For further information on the appointment of the Board of Statutory Auditors please see the report on the first item on the agenda, prepared by the Board of Directors pursuant to Article 125-ter of Italian Legislative Decree of February 24, 1998 no. 58, available to the public in compliance with the terms and conditions set forth by the applicable law.
The reports of the Directors and the full text of the proposed resolutions and the further documents regarding the Shareholders' Meeting set forth by the applicable laws, including the annual financial report, will be made available to the public within the terms provided for by the applicable law at the Company's registered offices in Via Stendhal 47, 20144 Milan (Italy) and on the Company's website (http://www.monclergroup.com, under the Section "Governance/Shareholders' Meeting"), as well as at the mechanism for the central storage of regulated information .
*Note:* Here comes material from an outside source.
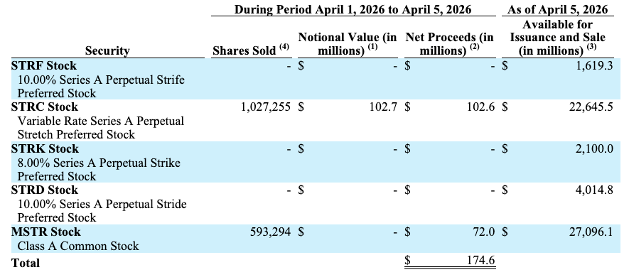 خلال الفترة من 30 إلى 31 مارس، باعت شركة Strategy ما يقرب من 2.28 مليون سهم في STRC و582.550 سهمًا في MSTR، مما أدى إلى تحقيق عائدات صافية تبلغ حوالي 299.3 مليون دولار. في الفترة من 1 إلى 5 أبريل، باعت الشركة مليون سهم إضافي في STRC و593,294 سهمًا في MSTR، مما أدى إلى جمع ما يقرب من 174.6 مليون دولار.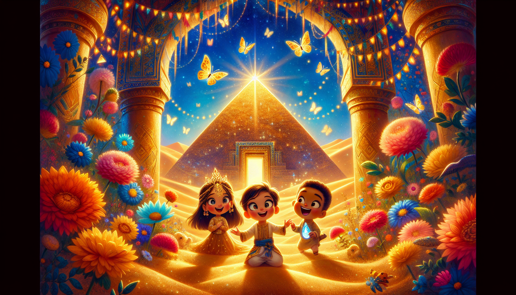 Once upon a time, in the land of golden sands and ancient secrets, stood a grand and mysterious pyramid. It sparkled under the sun like a giant, dusty diamond. No one quite knew what lay inside, for the entrance was hidden behind a magical door that could only be opened by the bravest and kindest of hearts.

The By-laws and the rules of Shareholders' Meeting are available on the Company's website (http://www.monclergroup.com, under the Section "Governance/Documents and procedures").
This notice of call is published in full today, according to art. 125-bis of the Consolidated Law on Finance and art. 8.3 of the By-laws, on the Company's website (http://www.monclergroup.com, under section "Governance/Shareholders' Meeting") and at the mechanism for the central storage of regulated information , as well as, as an abstract, on the newspaper "Milano Finanza" on March 14, 2020.
Those entitled to participate at the Shareholders' Meeting are kindly requested to arrive in due time before the time at which the Meeting was called in order to facilitate the accreditation and recording operations, which will start at 9:00.